I wonder what comfortably numb would have to say??


----------



## flat (Jun 18, 2006)

tap tap tap tap...(tapping my fingernails while patiently waiting)


----------



## AntiSocial (Jul 12, 2008)

Mark said:


> I wonder what comfortably numb would have to say??


something that would totally baffle us and make us all feel stupider by comparison


----------



## rk1 (Aug 5, 2006)

flat said:


> I have found that when I take an over-the-counter sleeping pill that you can get at the drugstore (like NYTOL or SLEEP-EEZE or something) I find that I feel less dp'ed in the morning. Over-the-counter sleep aids are really just anti-histamines that make you sleepy. Are we producing too much histamine? Histamine is usually produced as a result to an allergic reaction. Is dp/dr (or the underlying stress that is keeping it there) causing our immune system to produce histamine for some reason? And having too much histamine in our bodies or brain giving us this dp sensation?

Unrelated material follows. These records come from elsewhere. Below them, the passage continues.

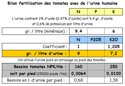 Avec 1 litre d'urine par pied de tomates, on couvrirait les besoins en azote de la plante. Il faudra couvrir les besoins en P et K.
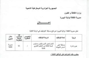 أكمل القراءة »اعلان عن توظيف بمديرية الثقافة لولاية البويرة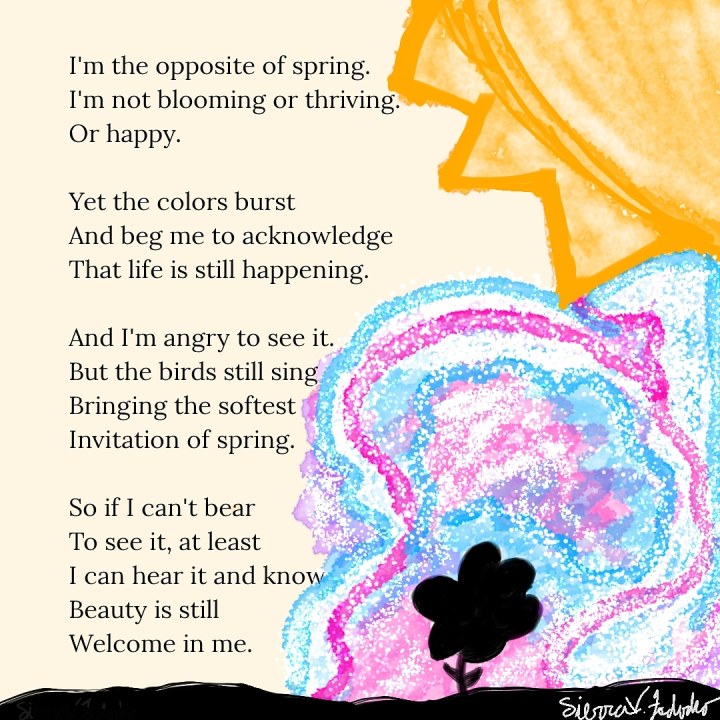 I am passionate about helping people relate to their pain in a way that heals. This means framing the sharp edges of heartache with beauty and light. It is important to be brutally honest both about pain and about hope. The more I write, the more I understand that we all want to see our pain on paper, because we all want to be seen. But we also want to see it gently and we want to be reminded of hope, joy, and healing. So, I’ve written a small poetry collection (which I’ll add to over time) all about spring.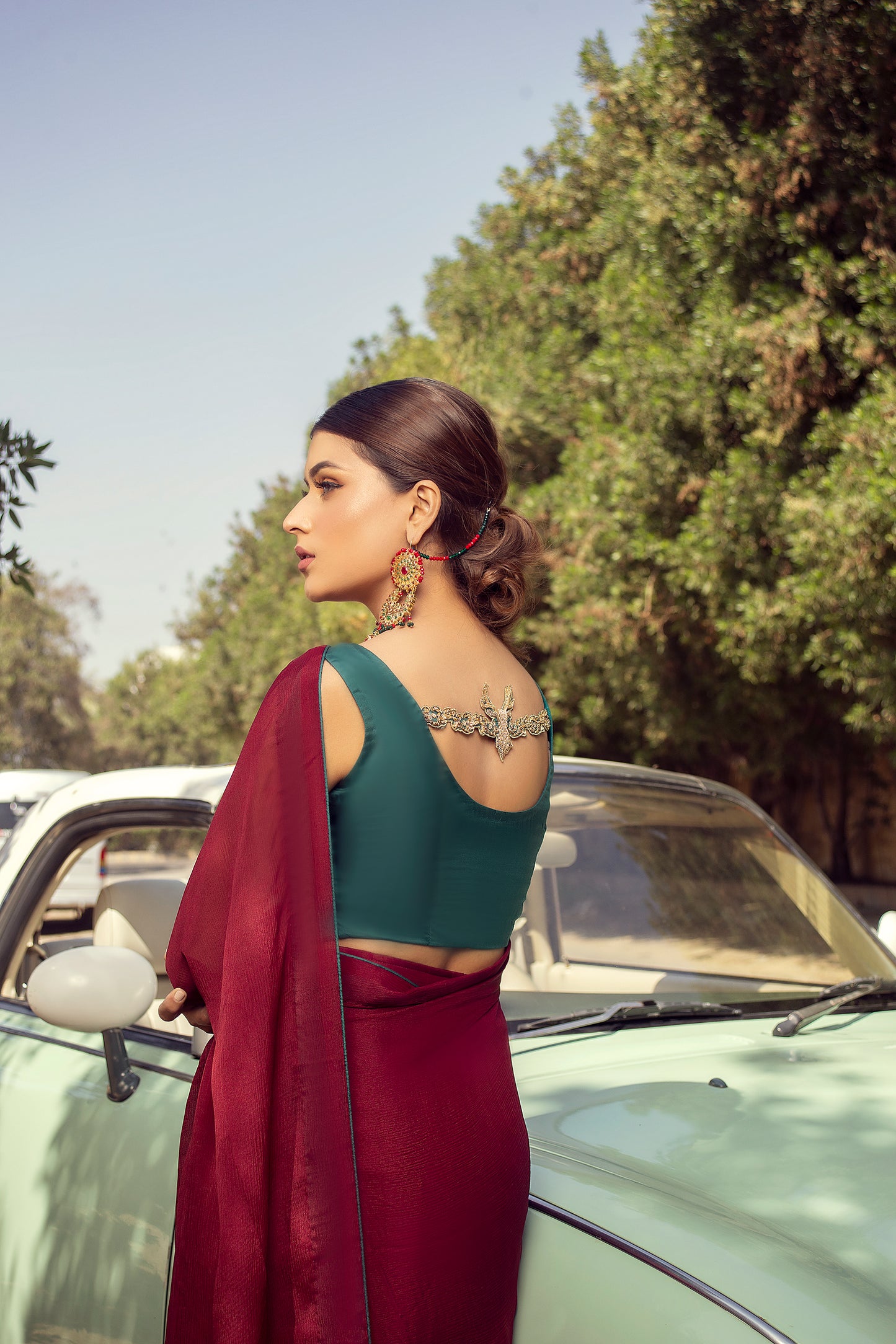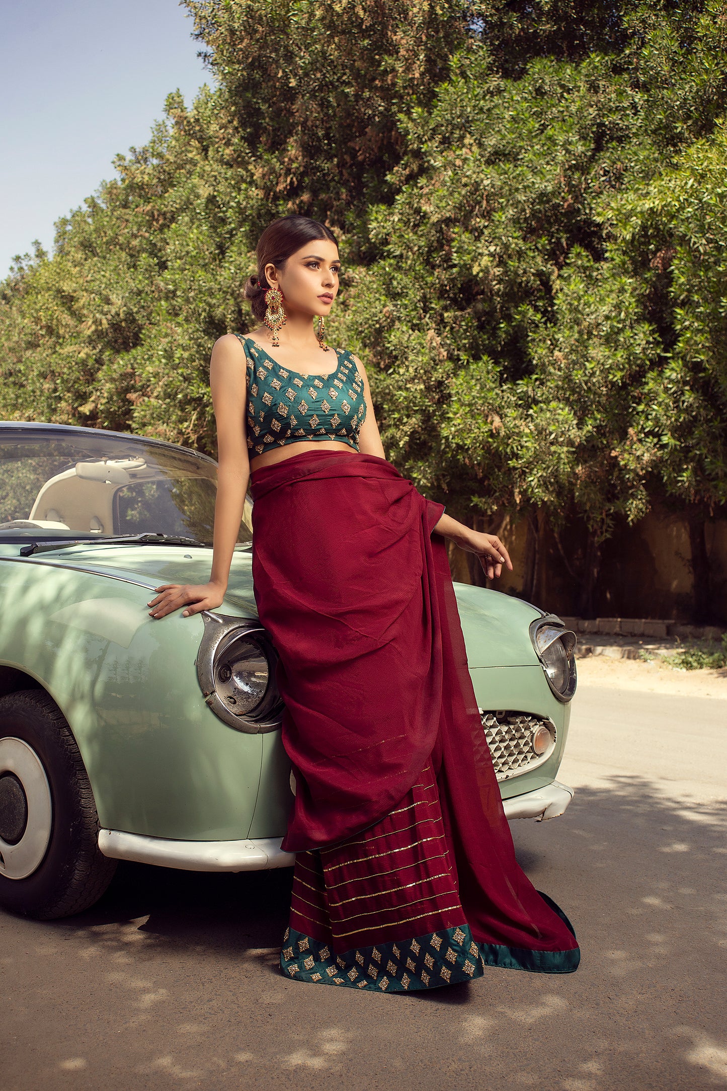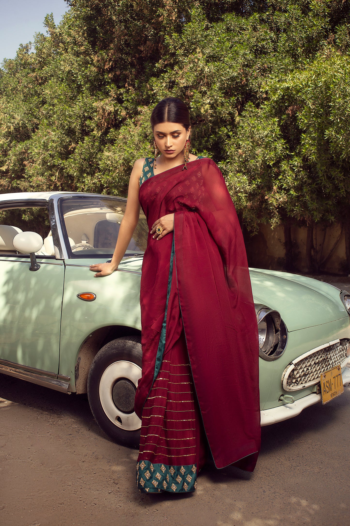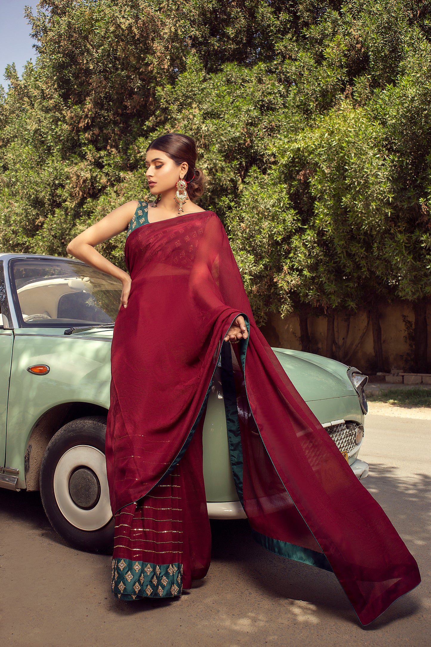 - Garnet maroon chiffon saree paired with a teal green silk blouse, heavily embellished with handwork.

I may have to try this, because mornings are the worse time for me.


----------



## comfortably numb (Mar 6, 2006)

Perhaps the diphenhydramine or whatever was in that sleep aid just helped you to get a better nights sleep? I doubt it's anything other then that really. Try another sleep aid to see if it works the same. Something like zopiclone (lunesta, imovane) or temazepam or even diazepam would be good ones to try.

Older anti-histamines such as diphenhydramine (the anti-histamine in benadryl) are also anti-cholinergics this is what causes the real bad dry mouth and other side effects you get from these drugs. I found these drugs to actually make my dp/dr worse for the most part. Although since my dp/dr went into remission hey just make me drowsy but i still find them unpleasant.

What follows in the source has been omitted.